The Secret Ingredient is Crime

I have set this Blog up to keep in contact with my dear friend Johannes de Silentio; he is possibly the coolest person I've ever met and I never want to lose contact with him. Correction: He IS the coolest person I have ever met.

Tuesday, December 27, 2005

Whoops

So Christmas has come and gone and it has been quite a decent little family affair. Boxing Day brought with it a load of family, with only three still kicking it here on the 27th.

I've been pretty good about not being super low but it comes and goes, as it is prone to do...the whoops comes from the little outburst I had with my mom over the upcoming K move. Basically someone has to drive with k to D.C and it had been determined that it was to be either mom or myself. We had kept putting off the decision because I'm not quite sure how either of us felt about the trip...

My reluctance stems from a variety of sources...the first and main one being that K has made no indication that she actually would like me to help her out -- I don't know if this is because she doesn't want to push a decision or if she doesn't care but it didn't help to be told, I don't care, when I asked.

My second reluctance comes from extreme poverty. While mom and dad offered to pay for the trip, it would be more expensive than they would dish out and the $8 I currently have in cash isn't exactly a windfall of cash.

Thirdly, if I were to go, it would mean a delay on job hunting for a good week and a half. This is not good.

Finally, I am a bit leary of going, for fear that I'll miss it just soo much.

Of course, I balanced these fears with the fun trip, a chance to hang out with the sister and friends and perhaps a mousetrap.

I relayed my fears to mom today and then told her that if I do go, I would use my free flight (gained from a bumped xmas flight) and if need be, we could come up with cash later on for another flight. To which, mom responded, well it sounds like you want to go, so you'll go. So I said ok and then proceeded to cry in my room.

I finished crying (unbeknownst to everyone at our house) and hung out in my room for a bit. Then I walked into the living room and mom was like, Lyla have you booked a flight yet? To which I responded, well in the last forty minutes since you decided I was to go, no (which I admit was bitchy), so then I left the room. So then mom was like don't you want to go (after I cried in my room again) and they had started looking for a flight for mom. So I was like well I don't have money but I'll go if that is whats best, I don't care. So then mom was like, well I just thought you'd be looking for a job in DC (which to be fair was a thought I had had about a month and a half ago but hasn't really been in my books for the last month). So I said no, I don't plan on looking for a job in DC, so she was a bit shocked and I was tearing up again.

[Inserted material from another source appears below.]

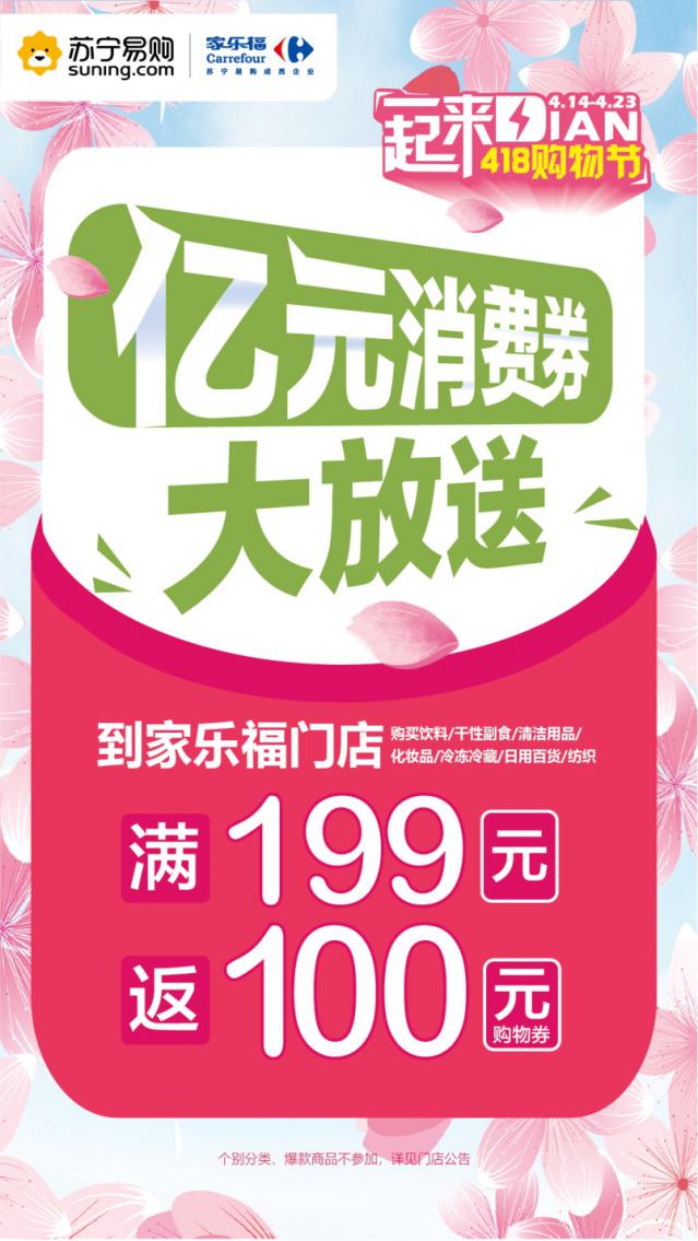4月9日,家樂福宣布面向全國消費者發(fā)放總額過億的家樂福消費券,旨在提振市民消費信心,促進消費回暖?!?18一起來Dian”購物節(jié)期間,凡在家樂福全國209家線下門店購物滿199元,即可獲贈總值100元的消費券(5張20元消費券),覆蓋眾多暢銷品類以及剛需民生商品(消費券可在指定期間使用)。

So they booked a ticket for mom and I'm a little sad I'm not going to DC but happy I get to mope around some more. And sad because it would have been good K time if she would have let me have it but she's been so guarded that it seemed like not a good idea.

So crying in front of the fams, good stuff.

Gotta love depression and being unemployed and missing someone and mouring the end of the life you once knew.

Oh well..tomorrow I get my eyes checked. Good fun. I might go cry some more now.

Sunday, December 04, 2005

thank you!!!!

To M,

Who gave me the bestest birthday gift ever -- as we spent the last four days in Riga...it was awesome and I loved every moment...thank you babes!